In this tutorial, you will discover how to calculate the prediction interval of a deep learning neural network. After completing this tutorial, you will know:

  • The prediction interval provides a measure of uncertainty for regression prediction modeling problems.
  • How to develop and evaluate a simple multilayer perceptron neural network on standard regression problems.
  • How to use neural network model integration to calculate and report prediction intervals.

Tutorial overview

This tutorial is divided into three parts: They are:

  • Prediction interval
  • Recurrent neural network
  • Neural network prediction interval

Prediction interval

Usually, the predictive model (ie, predictive value) used for regression problems makes point predictions. This means that they can predict a single value, but cannot provide any indication about the uncertainty of that prediction. By definition, predictions are estimates or approximations, and contain some uncertainty. The uncertainty comes from the error of the model itself and the noise in the input data. The model is an approximation of the relationship between input variables and output variables. The forecast interval is a quantification of forecast uncertainty. It provides the upper and lower probability limits for the estimation of outcome variables.

The prediction interval is the time interval most commonly used when making predictions or predictions in the regression model of the predicted quantity. The prediction interval revolves around the predictions made by the model and hopes to cover the range of real results. For more information on general prediction intervals, see the tutorial:

"The prediction interval of machine learning":

https://machinelearningmastery.com/prediction-intervals-for-machine-learning/

Now that we are familiar with the prediction interval, we can consider how to calculate the interval of the neural network. First define a regression problem and a neural network model to solve this problem.

Recurrent neural network

In this section, we will define the regression predictive modeling problem and the neural network model to solve the problem. 1. let us introduce a standard regression data set. We will use the housing data set. The housing data set is a standard machine learning data set, including 506 rows of data, which contains 13 digital input variables and a digital target variable.

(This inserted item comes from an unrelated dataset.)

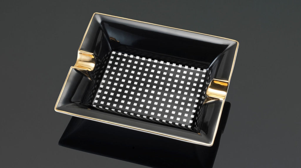 Gold on black is always eye-catching. This Black Checkers ashtray has black and white checkers at the centre highlighted with gold decorations, giving you a simple yet elegant choice.
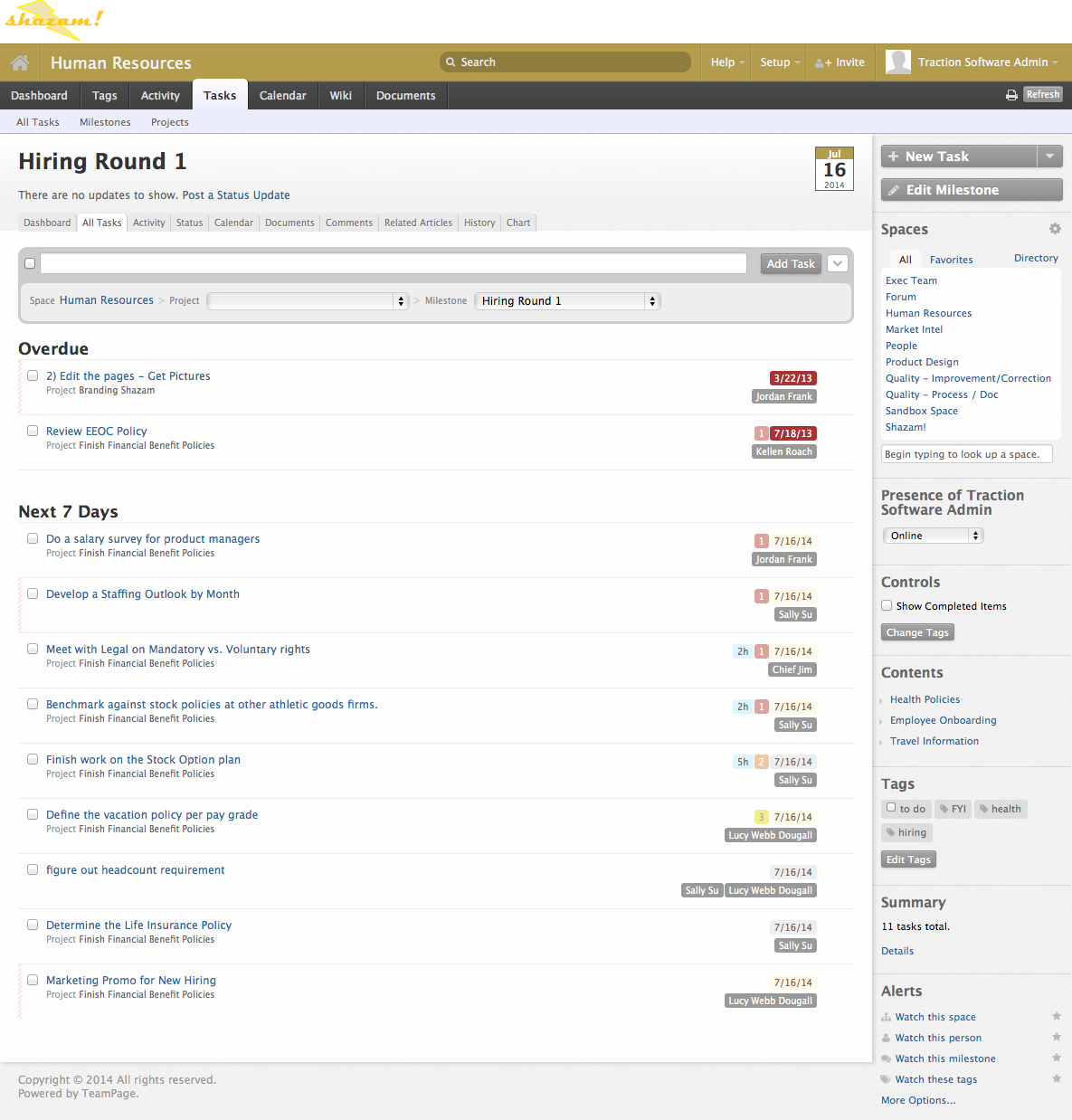 Who needs to do this? By when? How long should it take? Tasks go beyond line-item to-do/done status, letting you add assignees, due dates, and people to notify. Like everything in Teampage, they can be connected to any paragraph. Or they can stand on their own.

Using a test tool with three replicates of repeated stratification 10-fold cross-validation, a naive model can achieve a mean absolute error (MAE) of about 6.6. On the same test tool at about 1.9, the highest performance model can achieve MAE. This provides a bound on expected performance for this data set. This data set includes predicting housing prices based on detailed information about the suburbs of Boston, the United States.

Housing data set (housing.csv):

https://raw.githubusercontent.com/jbrownlee/Datasets/master/housing.csv

House description (house name):

https://raw.githubusercontent.com/jbrownlee/Datasets/master/housing.names

There is no need to download the dataset; as part of our working example, we will download it automatically.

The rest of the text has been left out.